SUPPLIED INFORMATION:
═══
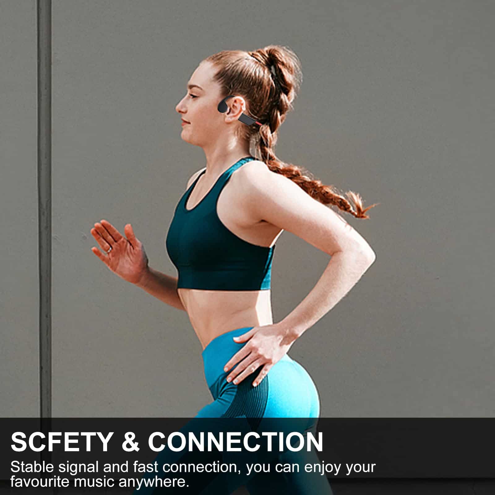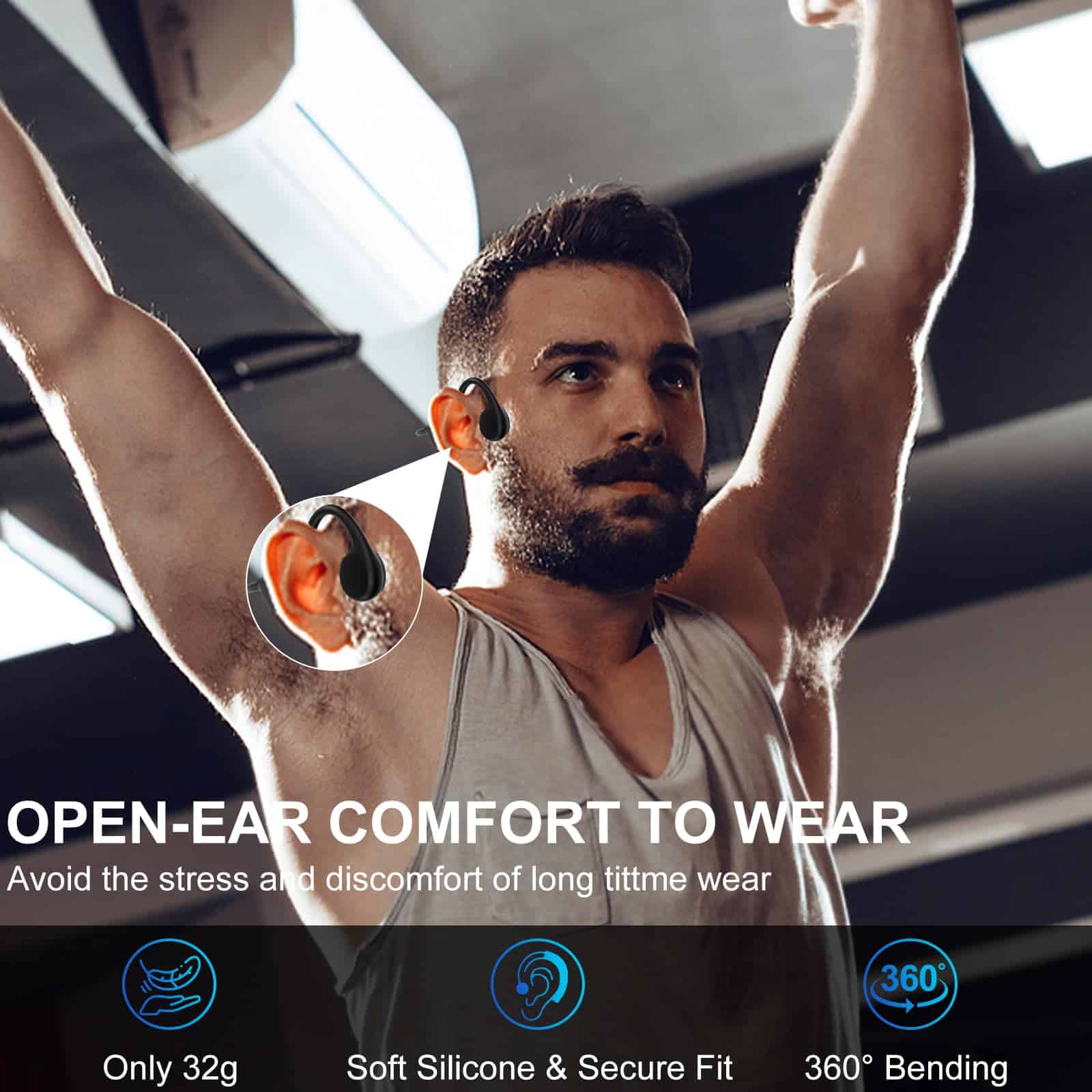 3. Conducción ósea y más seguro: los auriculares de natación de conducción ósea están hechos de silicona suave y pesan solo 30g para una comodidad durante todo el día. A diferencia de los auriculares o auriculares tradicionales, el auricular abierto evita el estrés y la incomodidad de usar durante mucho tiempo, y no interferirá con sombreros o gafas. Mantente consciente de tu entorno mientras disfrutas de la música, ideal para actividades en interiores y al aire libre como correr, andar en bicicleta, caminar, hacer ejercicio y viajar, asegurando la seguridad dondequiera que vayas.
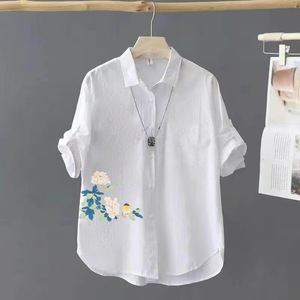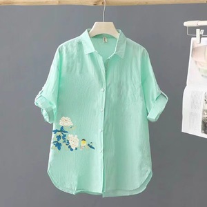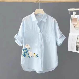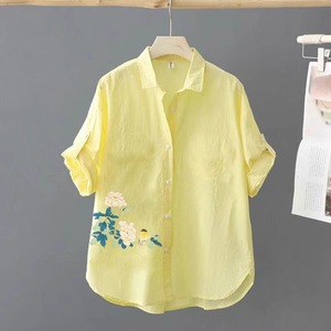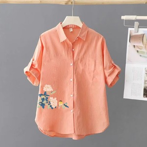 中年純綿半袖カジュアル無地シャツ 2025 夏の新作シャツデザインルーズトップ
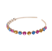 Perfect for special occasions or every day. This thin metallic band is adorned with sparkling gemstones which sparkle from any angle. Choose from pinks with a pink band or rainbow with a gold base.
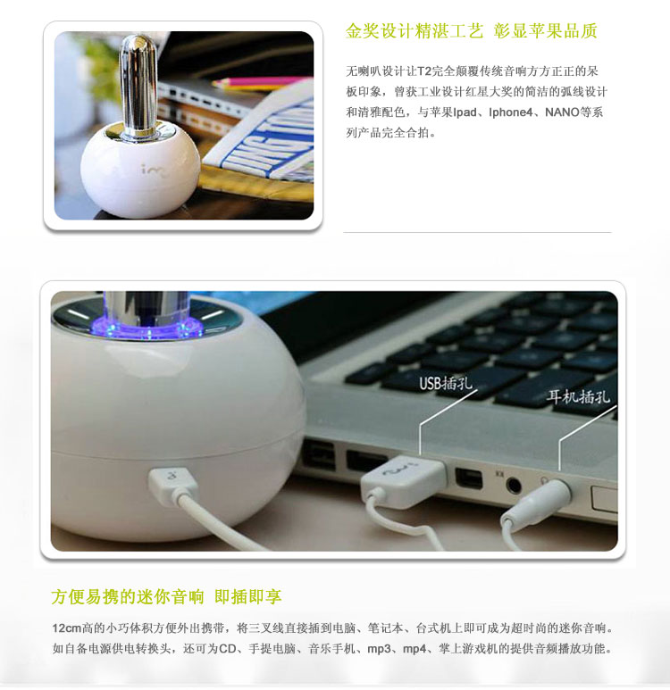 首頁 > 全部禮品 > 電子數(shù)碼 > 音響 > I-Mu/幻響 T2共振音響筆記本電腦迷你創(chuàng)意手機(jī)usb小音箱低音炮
═══
The answer must consist solely of the lines from the first line of the data through the line containing "中年純綿半袖カジュアル無地シャツ 2025 夏の新作シャツデザインルーズトップ", inclusive, reproduced exactly and without pictures.

EXERCISE SOLUTION:
 3. Conducción ósea y más seguro: los auriculares de natación de conducción ósea están hechos de silicona suave y pesan solo 30g para una comodidad durante todo el día. A diferencia de los auriculares o auriculares tradicionales, el auricular abierto evita el estrés y la incomodidad de usar durante mucho tiempo, y no interferirá con sombreros o gafas. Mantente consciente de tu entorno mientras disfrutas de la música, ideal para actividades en interiores y al aire libre como correr, andar en bicicleta, caminar, hacer ejercicio y viajar, asegurando la seguridad dondequiera que vayas.
 中年純綿半袖カジュアル無地シャツ 2025 夏の新作シャツデザインルーズトップ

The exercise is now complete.